STEM LEAF/ADVANCE December 2023 Newsletter

Welcome to the December edition of the STEM LEAF/ADVANCE Newsletter – the ADVANCE Team hopes everyone is able to have a restful break! 

Because it’s student evaluation season, this month we’ll focus on some related literature.

Resources/News

Sexism, racism, prejudice, and bias: a literature review and synthesis of research surrounding student evaluations of courses and teaching report by Troy Heffernan

“This paper has shown that no university, and indeed the higher education sector as a whole, can declare to be a gender equal employer or have an interest in growing a safe, inclusive and diverse workforce if they continue using SETs to evaluate course and teacher quality.”

The Skinny on Teaching Evals and Bias by Colleen Flaherty for Inside Higher Ed

“Perhaps most important, Kreitzer said, she and Sweet-Cushman found conforming to prescribed gender roles has a more significant effect than gender itself. This is “deeply concerning because students prefer professors with masculine traits, yet penalize women for not conforming to stereotypes.””

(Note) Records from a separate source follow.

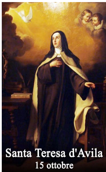
Santa Teresa d'Avila 15 ottobre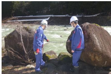
白峰砂防 白峰床固工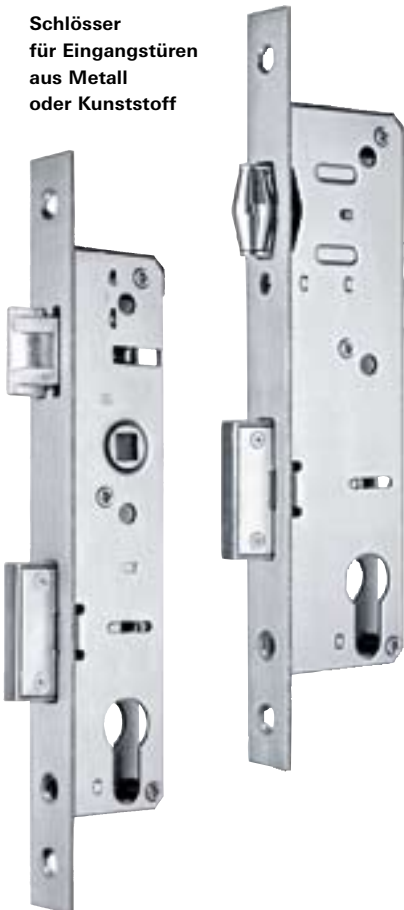
Schlösser für Eingangstüren aus Metall oder Kunststoff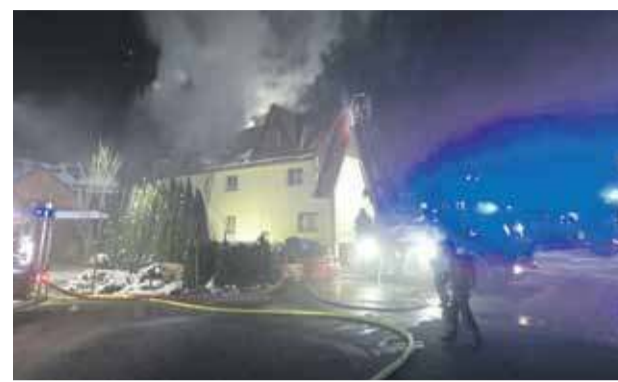
Pożar wybuchł na poddaszu pensjonatu w Białce Tatrzańskiej.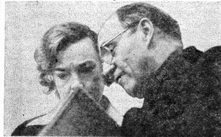
Сцена из спектакля «День-деньской»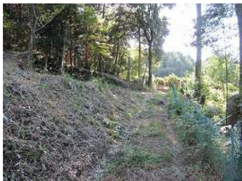
神社下分岐から降り、竹林を抜けて神社下へ戻って来た。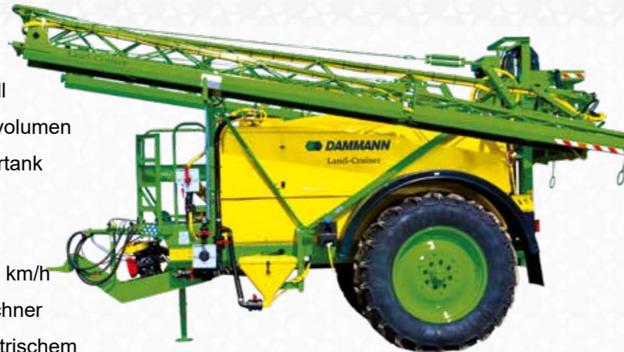
Grundausrüstung mit optionalem Kotflügel und Schmutzfänger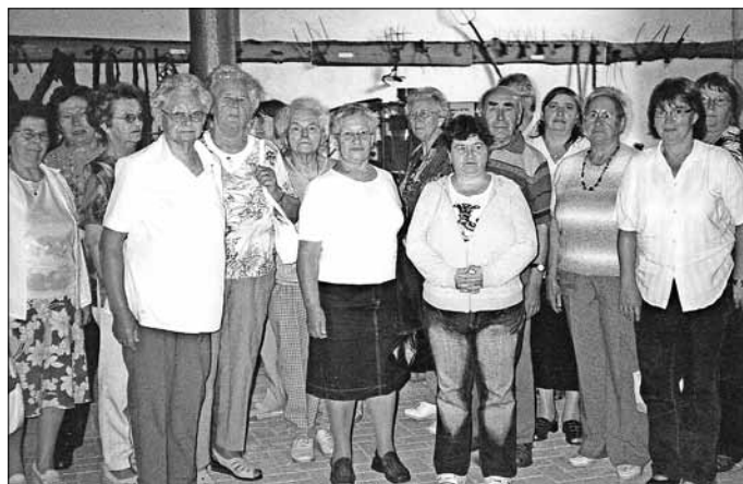
Ausflug nach Deetfurt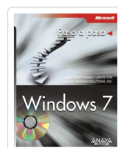
WINDOWS 7 JOAN PREPPERNAU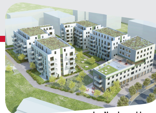
In „Neu Leopoldau – Junges Wohnen“ entstehen auf mehreren Bauplätzen ca. 350 SMART-Wohnungen.

Für diese beispielhafte 2-Zimmer-SMART-Wohnung (ca. 55 m 2 ) mit Balkon bestehend aus einer Wohnküche, Schlafzimmer, Bad, WC und Abstellraum betragen die monatlichen Kosten inkl. Betriebskosten und MwSt. € 412,50. Die Eigenmittel betragen einmalig rund € 3.300.

The above article is based on this paper:

Evaluating Student Evaluations of Teaching: a Review of Measurement and Equity Bias in SETs and Recommendations for Ethical Reform by Rebecca J. Kreitzer & Jennie Sweet-Cushman

“Student Evaluations of Teaching (SETs) have low or no correlation with learning. Furthermore, scholars using different data and different methodologies routinely find that women faculty, faculty of color, and other marginalized groups are subject to a disadvantage in SETs.”

Availability of cookies during an academic course session affects evaluation of teaching by Hessler, M., Pöpping, D.M., Hollstein, H., Ohlenburg, H., Arnemann, P.H., Massoth, C., Seidel, L.M., Zarbock, A. and Wenk, M.

“The provision of chocolate cookies had a significant effect on course evaluation. These findings question the validity of SETs and their use in making widespread decisions within a faculty.”

For more resources please take a look at UNC Charlotte’s ADVANCE resource list on the topic.

If you have any questions or concerns, please feel free to contact us at advance@clarkson.edu.  If you’d like to keep up with information like this regularly, you can follow our Twitter account @ClarksonADVANCE.  (Our PI team consists of Marc Christensen, Jen Ball, Laura Ettinger, William Jemison, & Stephanie Schuckers. Our Project Director is Sarah Treptow.)

Clarkson’s NSF ADVANCE grant is designed 

1) to effect positive institutional change around reduction of implicit or unintentional bias associated with gender and intersectional issues of race, ethnicity, country of origin, sexual orientation, and disability, 

2) to systematically and equitably support the development of inclusive leadership skills and the professional advancement of women STEM faculty, and 

3) to implement sustainable, systematic changes across the University in support of these goals.